We should find another significant frequencies. Hence we repeat c
and e
options. Four consecutive values saved to the table frequencies look like:
1.214720
2.429466
3.644186
4.858932
The final model is composed of sum of four sines with the following parameters:
amplitude frequency phase_angle
0.1589109516 1.2147298878 2.5178341388
0.0793181721 2.4294597755 1.9146753253
0.0457743639 3.6441896633 1.5754808929
0.0164677927 4.8589195511 1.1005553983
y_intercept
17.3740450844
💡 HINT: How do we know when to stop the analysis? We should check a value of S/N ratio. If a subsequent frequency has S/N ratio less than 4.5 it means that there is no significant signal in residuals.
💡 HINT: Despite we have the final model composing of four sines there is still a significant frequency in the periodogram:
0 0.000858 1165.501166 0.00355 6.23 1 0.003562 280.741157 0.00297 5.23 2 0.000390 2564.102564 0.00254 4.46 ...
This long-period variability can be ousted using
d
option.

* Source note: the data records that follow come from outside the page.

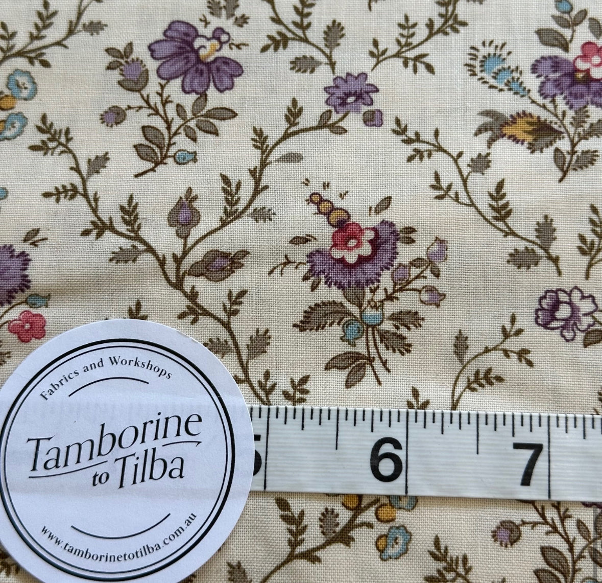 Fabric - Floral - (3371) Delicate Purple Floral with Viney Crosshatch by Max & Louise is backordered and will ship as soon as it is back in stock.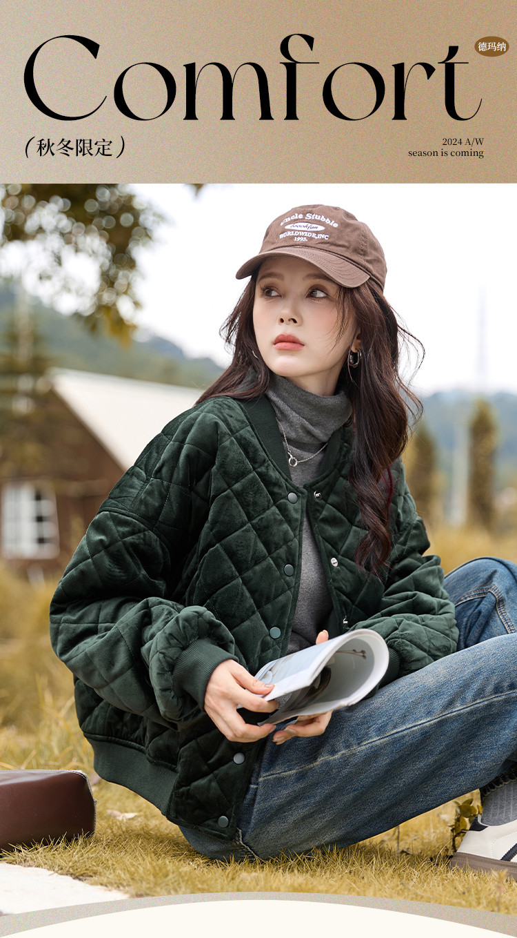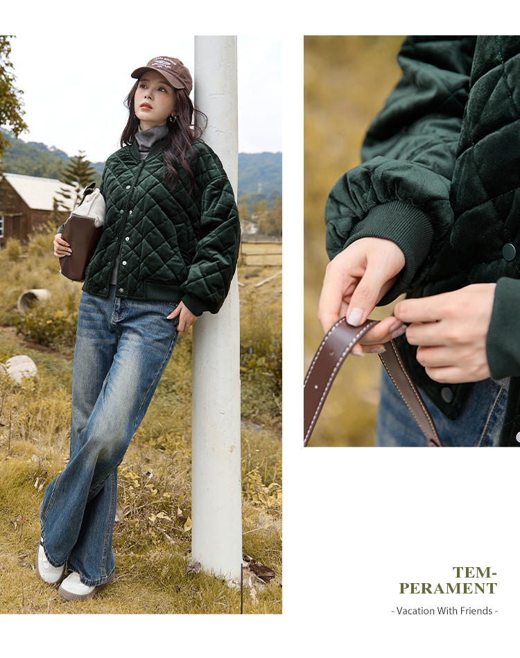 【菱格棉衣】冬慵懒休闲棉服夹克时尚百搭短款女式棉衣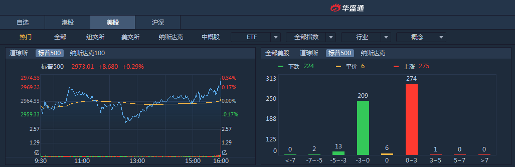 周二,美股收盘小幅上涨,标普500再次创下收盘历史新高。美国拟再对欧盟产品加征关税,一度挫伤了市场的乐观情绪。截至收盘,道指涨0.26%,报26786.68点;标普500涨0.29%,报2973.01点;纳指涨0.22%,报8109.09点。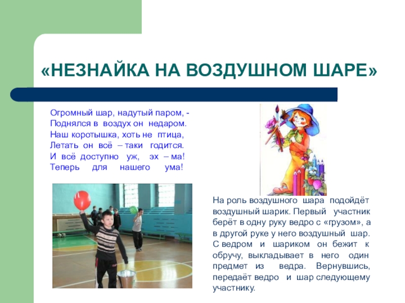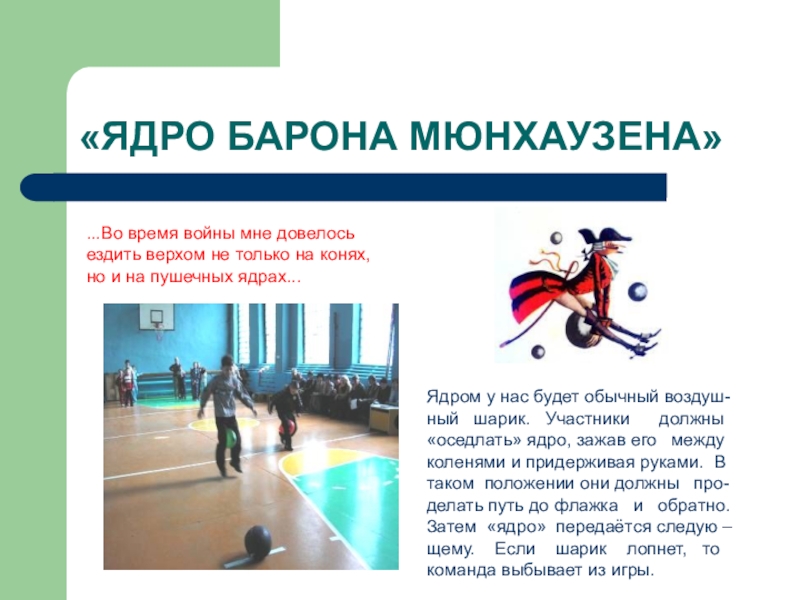 ный шарик. Участники должны «оседлать» ядро, зажав его между коленями и придерживая руками. В таком положении они должны про-

Indeed, removing a trend eliminates this small frequency:0 3.384602 0.295456 0.00215 3.80 1 2.771522 0.360813 0.00207 3.67 2 7.744490 0.129124 0.00197 3.49 ...

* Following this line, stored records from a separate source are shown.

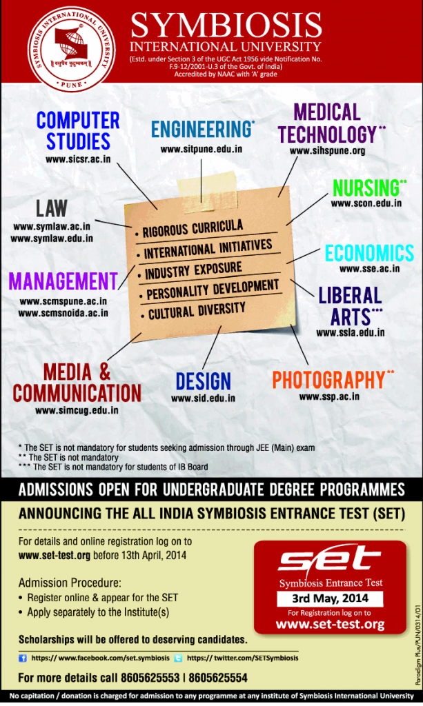 Admission Announcements March 23, 2014/0 Comments/in Career /by AVM Teachers For more information, please visit: http://www.set-test.org/ For more information, please visit: http://www.nchm.gov.in For more information, please visit: http://kea.kar.nic.in/ https://www.avm.ac.in/wp-content/uploads/2014/03/Symbiosis-Entrance-Test-2014.png 1187 711 AVM Teachers http://www.avm.edu.in/wp-content/uploads/2015/11/avm-header_10.png AVM Teachers2014-03-23 15:22:002015-05-25 00:15:16Admission Announcements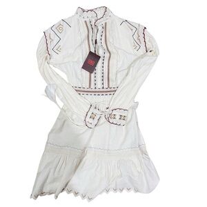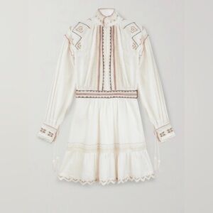 Design details: embroidered design, dropped-shoulder sleeves, self-tie cuffs, and shirred hem Left side on-seam zipper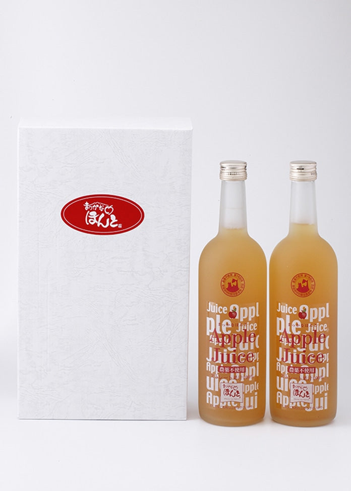 名稱 100%果汁,無農藥蘋果汁,由青森縣的三富士和聖喬納蘋果混合而成[720毫升×2瓶]。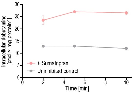 To follow up on the potential mechanisms behind the observed enhanced transport of dobutamine uptake by sumatriptan, we investigated sumatriptan-mediated inhibition of dobutamine efflux from preloaded cells. Results showed that 2, 5 and 10 min after addition of sumatriptan, efflux of preloaded dobutamine was reduced (Figure 8). Remaining intracellular dobutamine was increased by 2.0-, 2.1 and 2.5-fold compared to the non-inhibited control when sumatriptan was added to the extracellular buffer during the efflux period. This hints at OCT1-mediated efflux of dobutamine, inhibitable by sumatriptan, as one possible mechanism for enhanced intracellular accumulation.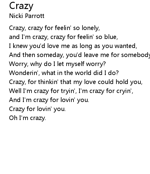 | Well I'm crazy for tryin', I'm crazy for cryin', | |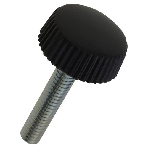樹脂製の頭部に金属製のねじが一体成型してあります。頭部の外周部にすべり止めのギザが付いてます。手で締付けたり緩めたりできます。工具を使わず手で繰り返しねじを脱着したい個所の締付けに使用します。 |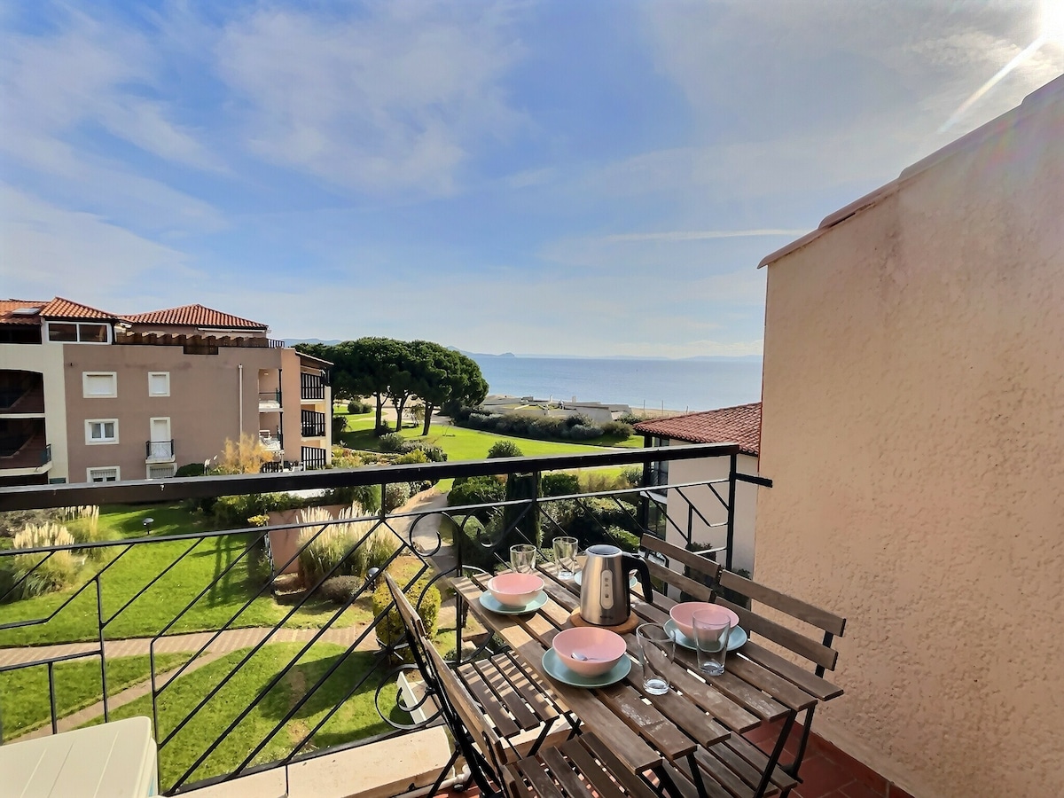 Bel appartement T2 avec terrasse vue mer au 1er étage d'une résidence. Accès à la piscine et aux terrains de tennis. Situé à 4km de la plage de l'Ayguade, 7km de l'aéroport et à 20 min à pied du centre-ville. Cet appartement comprend 1 chambre vue mer avec lit double et salle d’eau (baignoire), 1 cuisine équipée puis salon avec télévision, canapé et belle vue. Un hall d’entrée avec grand placard de rangement, toilettes séparées. Cet appartement bénéficie d’une place de parking et d’un ascenseur.
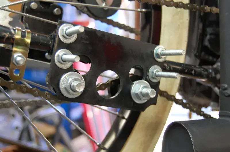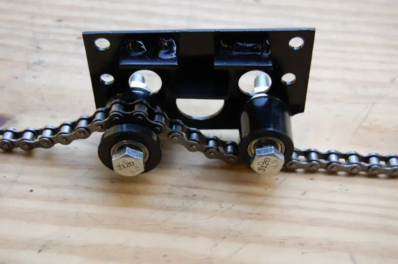 Small U bolts will hold the idler to the chain stay. If one link was removed the chain was too tight so I used two idler pulleys to take up the slack. That way slack is available to adjust the back wheel.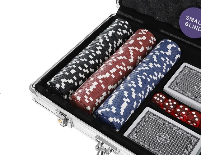 Stílusos koff er, amely megvédi a teljes készletet. A belső hab és a formázott rekeszek utazás közben is a helyükön tartják a kártyákat, zsetonokat és kockákat.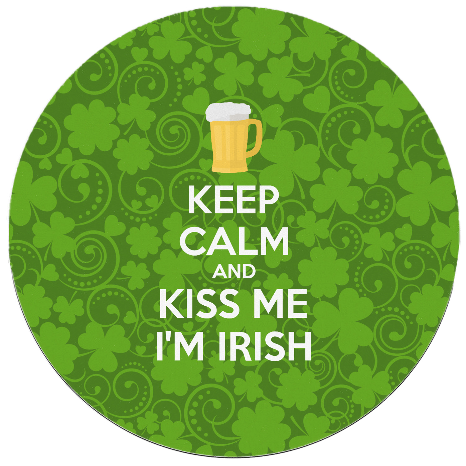 This lucky design is mostly bright green. The background has a lighter green and a darker green making up a background of clovers and swirls. The foreground is a fun phrase that says "Keep calm and kiss me I'm Irish." A fun beer graphic sits above this. You can easily personalize this phrase as well as the graphic above to be whatever you like.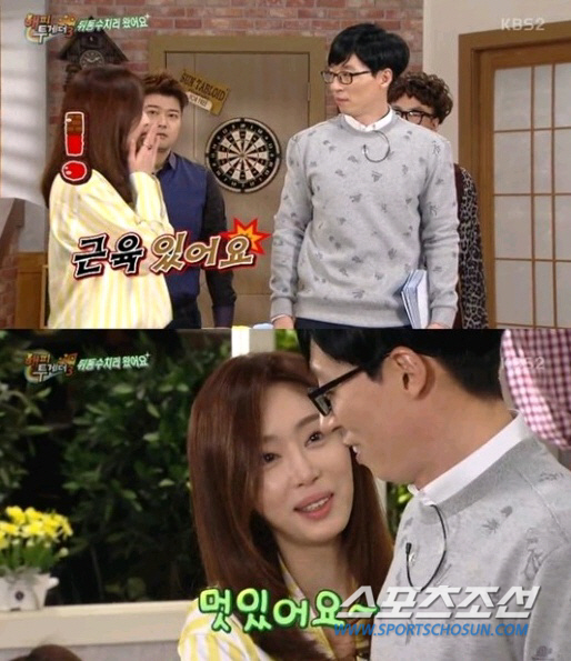 [스포츠조선닷컴 김준석 기자] '해피투게더' 강예원이 유재석의 근육질 몸매에 반했다.

To check the model we can display it on a phased light curve. To do this we choose p
option and then select the most significant frequency with the highest amplitude: 1.2147298878
:
👉 NOTE: If there are very small amplitudes of sines a model may not fit to a phased light curve accurately. It doesn't imply that the model is improper at all.
At the end we save results selecting s
option. If a star is variable we answer y
, phase the light curve and add some comment about the star, for example:
RR Lyrae star
All results including a log file with comments for many time series will be stored in a directory pointed by RESULTS_DIR
.
There are a few steps before a new frequency will be added to the final model:
-
Each new frequency is always compared to the already found frequencies. First of all it is checking whether it is enough far from the rest values. Let's assume that
f
is a new frequency,fi
represents a single frequency from the current table frequencies andT
is a time difference between the first measurement and the last one. If(f - fi) < 1/T
then the model will not converge and the whole analysis interrupts automatically. The table frequencies with the new frequency will be moved to the result directory getting a .freq suffix. -
If the new frequency is far enough from the rest, it is compared to linear combinations of the rest
n
frequencies. The combinations are generated according to the pattern in [ Frequencies combination ] section. All combinations which meet the conditionf - (c1*f1 + c2*f2 + ... + cn*fn) < 1/T
are saved and lists of coefficients for each combination are filtered in the following way:- Leave lists of coefficients with the smallest number of non-zero elements,
- Filter lists leaving those with the smallest value of the sum of square coefficients, i.e.
c1*c1 + c2*c2 + ... + cn*cn
, - If still there is more than one list, choose the one that has the smallest number of negative coefficients.
This allows to decrease the number of parameters when a model is fitted to the data.
-
If the new frequency is far enough from the rest and it doesn't depend on the rest frequencies it is just added to a model.